On March 5, speakers will glisten again with Tritt’s signature voice as his brand new single, “Smoke In A Bar,” is released. Today however, American Songwriter has the privilege of pulling back the curtain for the song’s exclusive worldwide premiere (Below).

Sinking his teeth into lyrics that are more about taking listeners back to a simpler time than actually smoking in a bar, it takes about three bars to remember just how much Tritt means to country music and how much country music needs him. Written by Jeremy Bussey, Derek George and Tim Montana, “Smoke In A Bar” is every bit the down-the-middle fastball that has always exemplified Travis Tritt.

“Tim [Montana] sent this to me and as soon as I heard it, it just hit all the right buttons for me,” explains Tritt. “The thing I’ve heard more and more from fans and people inside the industry over the last few years, is that people are hungry for the nostalgia of how the music of the nineties sounded and the general way of life in those days. Back when there didn’t seem to be so much division and confusion and uproar.

“Of course, those were the days before a lot of the social media stuff, so it was just a different time. It was a much happier time for a lot of people. The two biggest comments I hear from people are, ‘Man, I wish music sounded the way that it did back then. I wish it told the same kind of stories that the music of that era told.’ The other thing that I hear is, ‘Man, I would love to go back to a simpler time where we didn’t have so many things to worry about and stress over. When things moved just a little bit slower.’ As soon as I heard this song, it was like, he said everything that I’m hearing from everybody and sentiments that, quite frankly, I agree with across the board.” 

Since one new song in thirteen years isn’t nearly enough, come May 7, Tritt will release a full new album titled Set in Stone. While Travis co-wrote eight songs of the eleven-song set, in a somewhat surprise move his co-writers were made up mostly of people he didn’t even know before they were paired together to write. It sounds like a risky deal, but Tritt is quick to credit his producer Dave Cobb (Chris Stapleton, Jason Isbell, the Oak Ridge Boys, Brandi Carlile) with introducing him to co-writers who became a key part of the project, including his cousin, acclaimed singer/songwriter Brent Cobb.  

While the influx of new writing blood might give some cause for worry, you merely just need to remember who Travis Tritt is. He never chased radio or compromised his music for fame before, and he sure as hell isn’t going to start now. 

“When we started first talking about doing this album together, Dave said, ‘I don’t want to change anything about what you do. I just want to do a great Travis Tritt album, but with a more modern spin on it. Every one of the people I’m going to recommend you write with, they grew up listening to your music. They loved your music, and you were a huge influence on them when they were first getting started.’ He thought it would be a really good chemistry and he was exactly right.”

While Tritt’s co-writers were in mid-season form as they have been continually writing for years, Tritt had to brush the dust off his writing pen.
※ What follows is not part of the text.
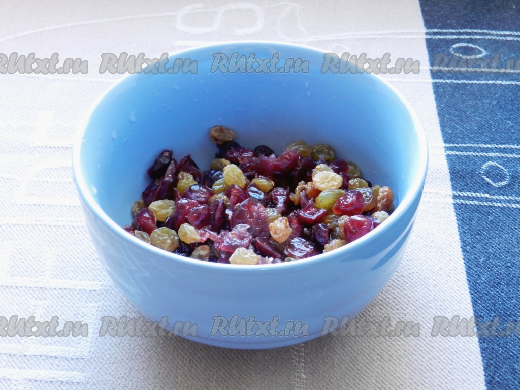 Изюм и вяленую клюкву промыть, залить кипятком и оставить на 30 минут. Затем откинуть на сито, слить воду. Выложить на бумажное полотенце и обсушить.
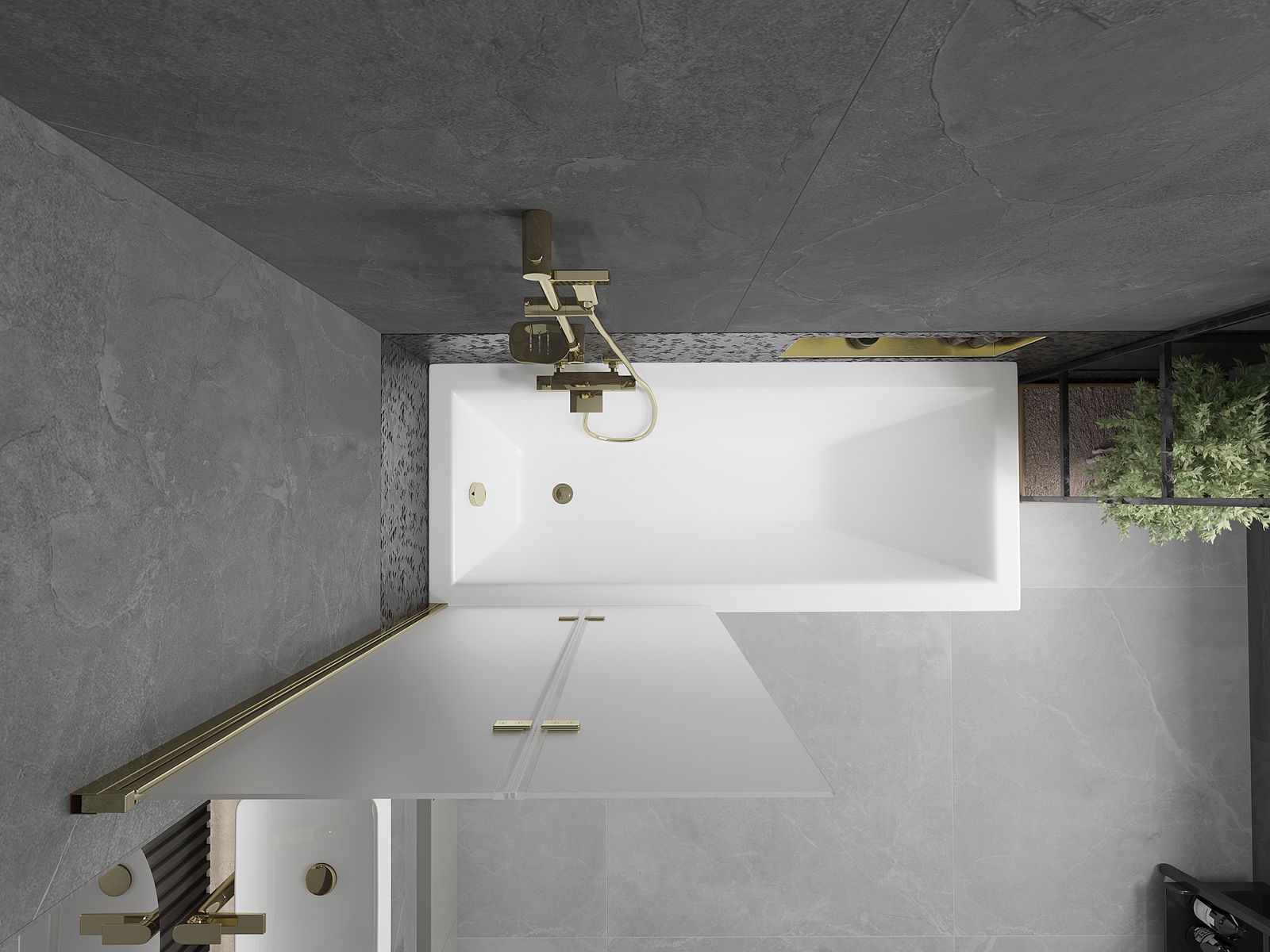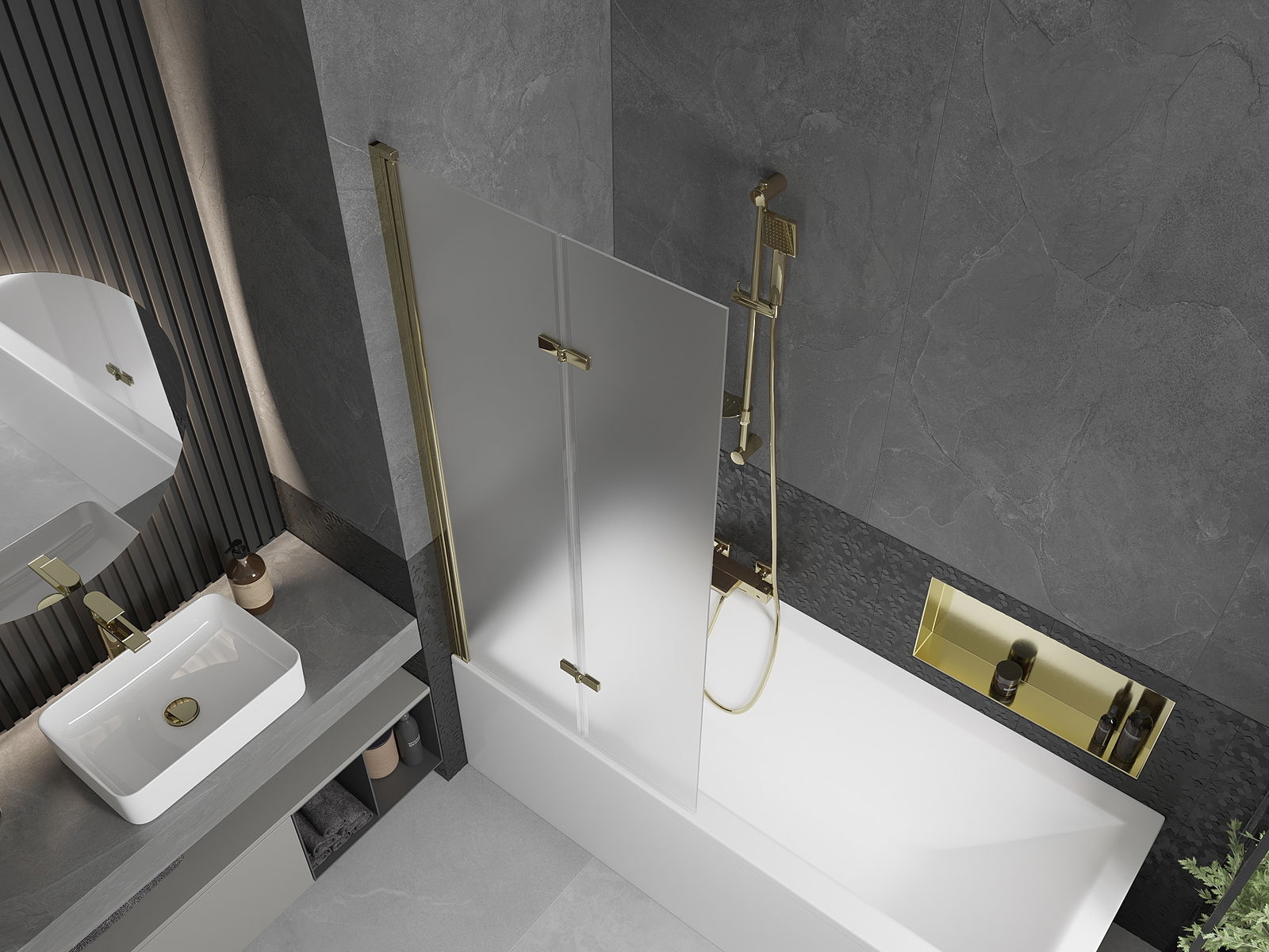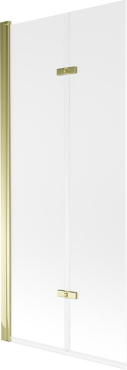 Un paravent composé de deux ailes repliables. Cette solution permet de gagner de la place dans la salle de bain et d'utiliser l'espace restant lorsque l'on ne se baigne pas.

Part of what makes some people songwriters is that ideas are always presenting themselves in hidden fashions, but it takes a writer to recognize them. A stranger at a coffee shop might say something and you’ll think ‘that’s a great line.’ You might hear a story and think ‘that’d be a great song.’ Heck, sometimes a random thought will pop into your head out of nowhere so, as a songwriter, you take that line or that story or that thought and write it into a song.

Thing is, for a long time, Travis stopped doing that. 

It’s not that the ideas stopped flowing, but for over a decade he didn’t do much with them. While he may not have stopped performing over these past thirteen years, he did put the songwriting pen down.

“I don’t think I ever really completely turned it off, but I definitely scaled it way, way back for the last 10 or 12 years, because we were focused on just going out and doing the best live show that we could possibly do. Throughout my entire career, I’ve never been that guy that writes all the time. For me, it’s two totally different modes. There’s touring mode, where you’re focused on the shows and set lists—how you’re going to change things around, which songs to drop and which songs you’re gonna add. I get blinders on and when I’m in touring mode, it’s very hard for me to switch over and go back into writing mode. 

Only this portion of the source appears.